### Requirement
Reproduce the data below word for word, setting aside any picture it holds.

• • • • • • •

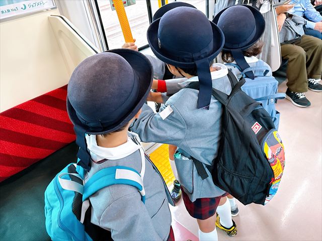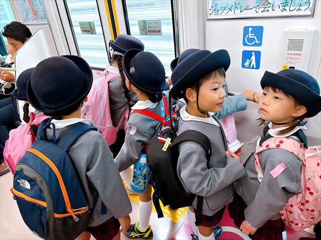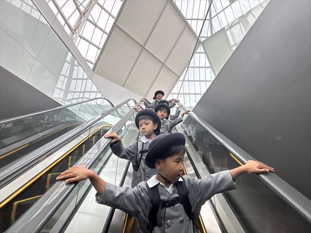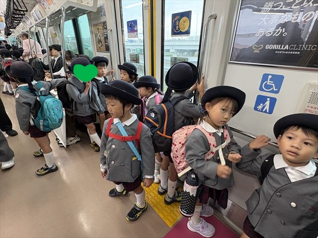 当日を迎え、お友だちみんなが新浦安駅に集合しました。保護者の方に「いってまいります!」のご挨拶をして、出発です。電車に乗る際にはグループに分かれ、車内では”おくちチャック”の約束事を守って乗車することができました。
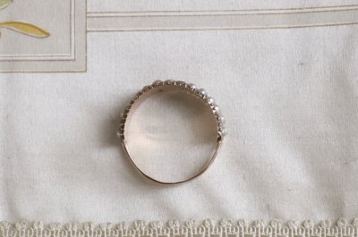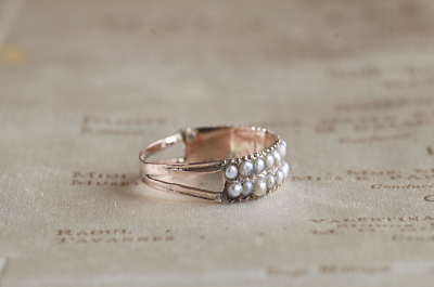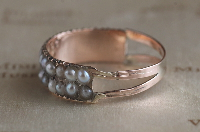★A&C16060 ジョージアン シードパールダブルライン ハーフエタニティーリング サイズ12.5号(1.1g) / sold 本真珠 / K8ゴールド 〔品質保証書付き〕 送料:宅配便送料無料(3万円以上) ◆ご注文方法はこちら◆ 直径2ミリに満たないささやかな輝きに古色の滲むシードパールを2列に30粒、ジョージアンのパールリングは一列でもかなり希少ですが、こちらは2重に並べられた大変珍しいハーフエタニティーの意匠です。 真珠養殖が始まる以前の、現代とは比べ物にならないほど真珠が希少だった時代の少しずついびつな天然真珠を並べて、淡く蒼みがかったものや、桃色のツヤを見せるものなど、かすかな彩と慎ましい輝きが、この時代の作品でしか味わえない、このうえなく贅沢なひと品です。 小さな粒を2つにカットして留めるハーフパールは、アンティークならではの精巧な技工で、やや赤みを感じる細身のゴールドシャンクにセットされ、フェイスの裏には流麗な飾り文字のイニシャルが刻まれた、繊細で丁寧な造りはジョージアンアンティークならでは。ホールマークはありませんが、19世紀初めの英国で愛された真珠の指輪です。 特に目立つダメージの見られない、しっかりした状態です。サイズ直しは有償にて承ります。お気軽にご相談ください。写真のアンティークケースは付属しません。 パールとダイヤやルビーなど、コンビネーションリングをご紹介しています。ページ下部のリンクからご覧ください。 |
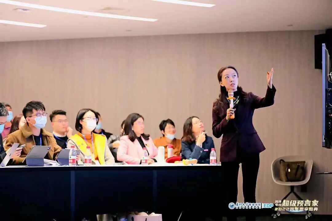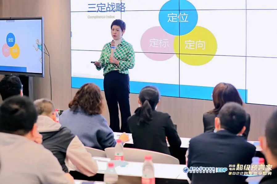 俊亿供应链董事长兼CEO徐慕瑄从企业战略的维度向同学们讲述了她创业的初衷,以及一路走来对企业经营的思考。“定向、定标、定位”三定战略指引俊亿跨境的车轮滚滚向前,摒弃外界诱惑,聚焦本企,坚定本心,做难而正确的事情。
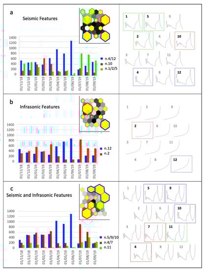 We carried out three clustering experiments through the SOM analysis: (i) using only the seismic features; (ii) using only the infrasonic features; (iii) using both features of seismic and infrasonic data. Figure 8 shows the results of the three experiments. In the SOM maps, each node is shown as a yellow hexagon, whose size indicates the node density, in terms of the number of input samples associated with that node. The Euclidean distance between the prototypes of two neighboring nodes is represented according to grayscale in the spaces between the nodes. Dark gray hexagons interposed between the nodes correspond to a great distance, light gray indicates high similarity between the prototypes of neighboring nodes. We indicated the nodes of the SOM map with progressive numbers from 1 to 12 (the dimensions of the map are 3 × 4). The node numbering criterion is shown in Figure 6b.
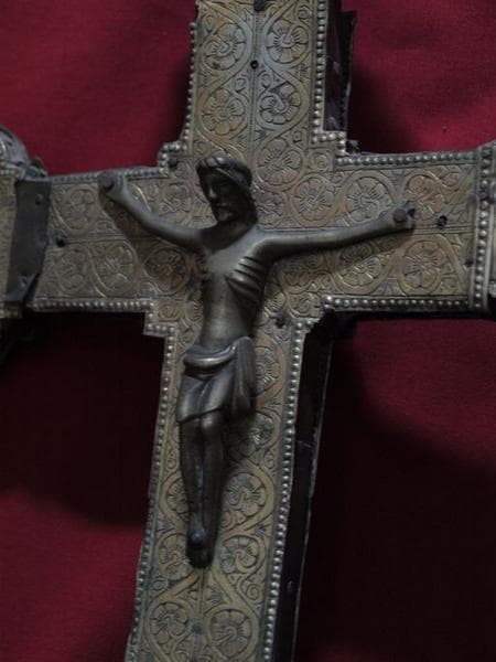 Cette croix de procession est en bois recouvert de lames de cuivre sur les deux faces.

• • • • • • •

### Response to the exercise
 当日を迎え、お友だちみんなが新浦安駅に集合しました。保護者の方に「いってまいります!」のご挨拶をして、出発です。電車に乗る際にはグループに分かれ、車内では”おくちチャック”の約束事を守って乗車することができました。
★A&C16060 ジョージアン シードパールダブルライン ハーフエタニティーリング サイズ12.5号(1.1g) / sold 本真珠 / K8ゴールド 〔品質保証書付き〕 送料:宅配便送料無料(3万円以上) ◆ご注文方法はこちら◆ 直径2ミリに満たないささやかな輝きに古色の滲むシードパールを2列に30粒、ジョージアンのパールリングは一列でもかなり希少ですが、こちらは2重に並べられた大変珍しいハーフエタニティーの意匠です。 真珠養殖が始まる以前の、現代とは比べ物にならないほど真珠が希少だった時代の少しずついびつな天然真珠を並べて、淡く蒼みがかったものや、桃色のツヤを見せるものなど、かすかな彩と慎ましい輝きが、この時代の作品でしか味わえない、このうえなく贅沢なひと品です。 小さな粒を2つにカットして留めるハーフパールは、アンティークならではの精巧な技工で、やや赤みを感じる細身のゴールドシャンクにセットされ、フェイスの裏には流麗な飾り文字のイニシャルが刻まれた、繊細で丁寧な造りはジョージアンアンティークならでは。ホールマークはありませんが、19世紀初めの英国で愛された真珠の指輪です。 特に目立つダメージの見られない、しっかりした状態です。サイズ直しは有償にて承ります。お気軽にご相談ください。写真のアンティークケースは付属しません。 パールとダイヤやルビーなど、コンビネーションリングをご紹介しています。ページ下部のリンクからご覧ください。 |
 俊亿供应链董事长兼CEO徐慕瑄从企业战略的维度向同学们讲述了她创业的初衷,以及一路走来对企业经营的思考。“定向、定标、定位”三定战略指引俊亿跨境的车轮滚滚向前,摒弃外界诱惑,聚焦本企,坚定本心,做难而正确的事情。
 We carried out three clustering experiments through the SOM analysis: (i) using only the seismic features; (ii) using only the infrasonic features; (iii) using both features of seismic and infrasonic data. Figure 8 shows the results of the three experiments. In the SOM maps, each node is shown as a yellow hexagon, whose size indicates the node density, in terms of the number of input samples associated with that node. The Euclidean distance between the prototypes of two neighboring nodes is represented according to grayscale in the spaces between the nodes. Dark gray hexagons interposed between the nodes correspond to a great distance, light gray indicates high similarity between the prototypes of neighboring nodes. We indicated the nodes of the SOM map with progressive numbers from 1 to 12 (the dimensions of the map are 3 × 4). The node numbering criterion is shown in Figure 6b.
 Cette croix de procession est en bois recouvert de lames de cuivre sur les deux faces.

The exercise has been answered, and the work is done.